Source records:

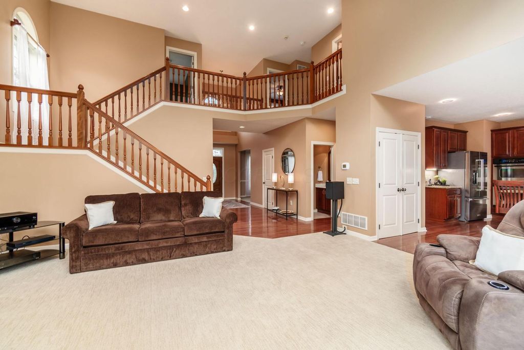 A beautifully maintained five-bedroom, two-story home set on a picturesque premium lot surrounded by mature trees. Enjoy stunning, year-round backyard views from the expansive deck and patio great for relaxing or entertaining. The home backs to community green space and sits adjacent to Alum Creek Parkland, offering privacy and a serene natural setting. The first-floor primary suite features an updated bath and a spacious walk-in closet with a custom organizer. A large great room flows seamlessly into the open, well-appointed kitchen, creating an inviting gathering space. At the front of the home, an office and formal dining room provide an ideal setting for hosting special dinners. The level offers four generously sized bedrooms. The largest bedroom includes a full bath and can easily serve as a flex space such as a guest suite, entertainment room, exercise area, playroom, or additional office. The remaining three bedrooms are also spacious and feature California Closets organizers. If desired by the buyer, several items may remain with the home at no cost, including the great room big-screen TV and sound system (originally a $15,000 installation), washer and dryer, select furniture, and most of the high-quality patio furnishings. The furnace and air conditioning system have also been replaced within the past few years. This home offers comfort, quality, and a rare premium lot with beautiful views. Located in the Harbor Pointe community with a beautiful entry pond and walking trail! It's just a few minutes to Alum Creek, freeways and shopping! Homes with beautiful lots backing to green space don't come along often will go into contract quickly!
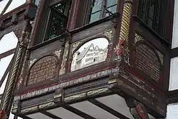 Das Gebäude wurde 1901 für Ernst Henrich und seine Frau Elise als Wohnhaus und Gemeindeamtskasse nach den Plänen des Architekten Carl Seiler errichtet. Über dem massiven Erdgeschoss in Neurenaissanceformen steht ein Fachwerkobergeschoss mit Eckturm und Erker. Dieser ist mit zahlreichen Inschriften und Schnitzereien versehen. Im Inneren sind noch Stuckdecken und Bleiglasfenster im Erker bemerkenswert.
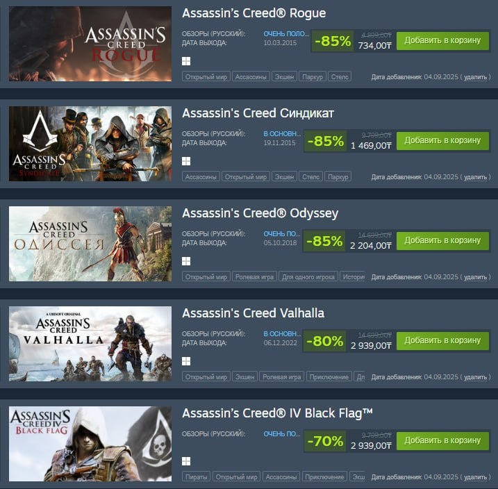 Серию игр Assassin's Creed в Steam можно урвать по большой скидке от 110 рублей:
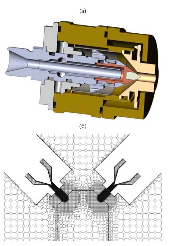 Рис. 1. Геометрия и расчетная сетка: (а) – разрез плазмотрона ПН-ПА1 (уплотнения не показаны), (б) – расчетная сетка (разрез в центральном сечении).
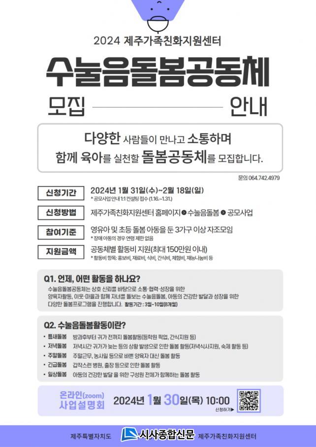 °¹®½Ç Á¦ÁÖ°¡Á·Ä£ÈÁö¿ø¼¾ÅÍÀåÀº ¡°Á¦ÁÖÁö¿ª ¾çÀ°ÀÚµéÀÌ ¾çÀ°Á¤º¸¸¦ °øÀ¯Çϰí ÀÌ¿ô°ú ÇÔ²² Àڳฦ µ¹º¸´Â ¼ö´À½µ¹º½ ¹®È¸¦ È®»ê½ÃŰÀÚ ÇÑ´Ù¸ç ¡®2024³â ¼ö´À½µ¹º½°ø¸ð»ç¾÷¡¯¿¡ ´ëÇÑ ¸¹Àº °ü½É°ú Âü¿© ºÎʵ台´Ù¡±°í ¹àÇû´Ù.
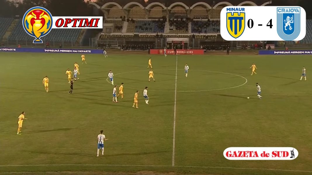 Universitatea Craiova s-a calificat în sferturile Cupei României, după ce s-a impus miercuri seară, cu 4-0, în deplasare, în faţa formaţiei Minaur Baia Mare. A fost un meci la discreția elevilor lui Laurențiu Reghecampf.
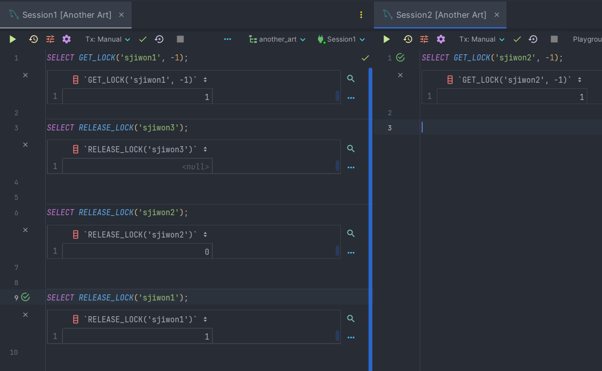 SELECT GET_LOCK('sjiwon1', -1); -- Session 1이 release할때까지 wait
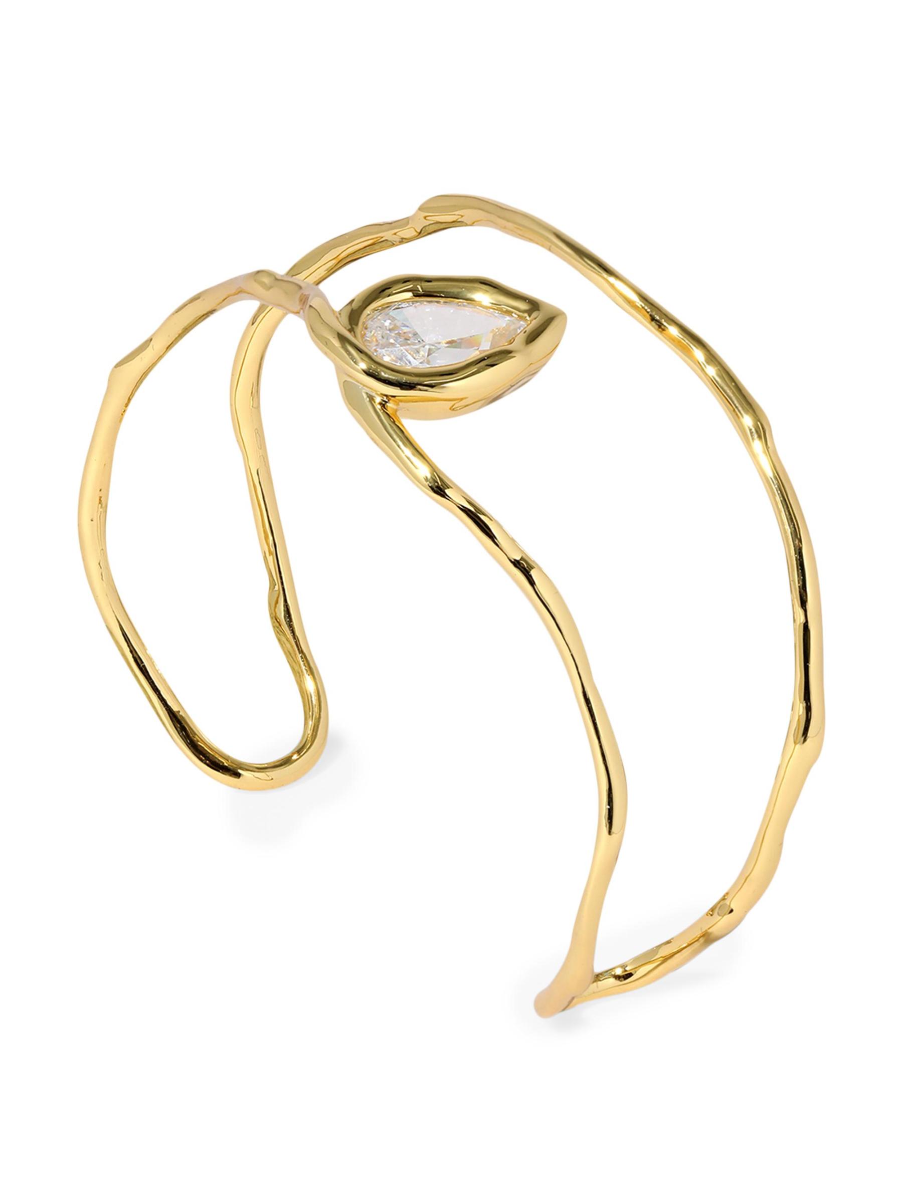 من مجموعة أستيراليس. يتميز سوار Asterales من Alexis Bittar بملمس مصهور. يتمركز الطراز المفتوح المطلي بالذهب عيار 14 قيراطًا بحجر الزركونيا المكعب اللامع المقطوع بالكمثرى.

§ TRY IT: All of the entries above are to be transcribed word for word, with no pictures included.

§ SOLUTION BELOW:
 A beautifully maintained five-bedroom, two-story home set on a picturesque premium lot surrounded by mature trees. Enjoy stunning, year-round backyard views from the expansive deck and patio great for relaxing or entertaining. The home backs to community green space and sits adjacent to Alum Creek Parkland, offering privacy and a serene natural setting. The first-floor primary suite features an updated bath and a spacious walk-in closet with a custom organizer. A large great room flows seamlessly into the open, well-appointed kitchen, creating an inviting gathering space. At the front of the home, an office and formal dining room provide an ideal setting for hosting special dinners. The level offers four generously sized bedrooms. The largest bedroom includes a full bath and can easily serve as a flex space such as a guest suite, entertainment room, exercise area, playroom, or additional office. The remaining three bedrooms are also spacious and feature California Closets organizers. If desired by the buyer, several items may remain with the home at no cost, including the great room big-screen TV and sound system (originally a $15,000 installation), washer and dryer, select furniture, and most of the high-quality patio furnishings. The furnace and air conditioning system have also been replaced within the past few years. This home offers comfort, quality, and a rare premium lot with beautiful views. Located in the Harbor Pointe community with a beautiful entry pond and walking trail! It's just a few minutes to Alum Creek, freeways and shopping! Homes with beautiful lots backing to green space don't come along often will go into contract quickly!
 Das Gebäude wurde 1901 für Ernst Henrich und seine Frau Elise als Wohnhaus und Gemeindeamtskasse nach den Plänen des Architekten Carl Seiler errichtet. Über dem massiven Erdgeschoss in Neurenaissanceformen steht ein Fachwerkobergeschoss mit Eckturm und Erker. Dieser ist mit zahlreichen Inschriften und Schnitzereien versehen. Im Inneren sind noch Stuckdecken und Bleiglasfenster im Erker bemerkenswert.
 Серию игр Assassin's Creed в Steam можно урвать по большой скидке от 110 рублей:
 Рис. 1. Геометрия и расчетная сетка: (а) – разрез плазмотрона ПН-ПА1 (уплотнения не показаны), (б) – расчетная сетка (разрез в центральном сечении).
 °¹®½Ç Á¦ÁÖ°¡Á·Ä£ÈÁö¿ø¼¾ÅÍÀåÀº ¡°Á¦ÁÖÁö¿ª ¾çÀ°ÀÚµéÀÌ ¾çÀ°Á¤º¸¸¦ °øÀ¯Çϰí ÀÌ¿ô°ú ÇÔ²² Àڳฦ µ¹º¸´Â ¼ö´À½µ¹º½ ¹®È¸¦ È®»ê½ÃŰÀÚ ÇÑ´Ù¸ç ¡®2024³â ¼ö´À½µ¹º½°ø¸ð»ç¾÷¡¯¿¡ ´ëÇÑ ¸¹Àº °ü½É°ú Âü¿© ºÎʵ台´Ù¡±°í ¹àÇû´Ù.
 Universitatea Craiova s-a calificat în sferturile Cupei României, după ce s-a impus miercuri seară, cu 4-0, în deplasare, în faţa formaţiei Minaur Baia Mare. A fost un meci la discreția elevilor lui Laurențiu Reghecampf.
 SELECT GET_LOCK('sjiwon1', -1); -- Session 1이 release할때까지 wait
 من مجموعة أستيراليس. يتميز سوار Asterales من Alexis Bittar بملمس مصهور. يتمركز الطراز المفتوح المطلي بالذهب عيار 14 قيراطًا بحجر الزركونيا المكعب اللامع المقطوع بالكمثرى.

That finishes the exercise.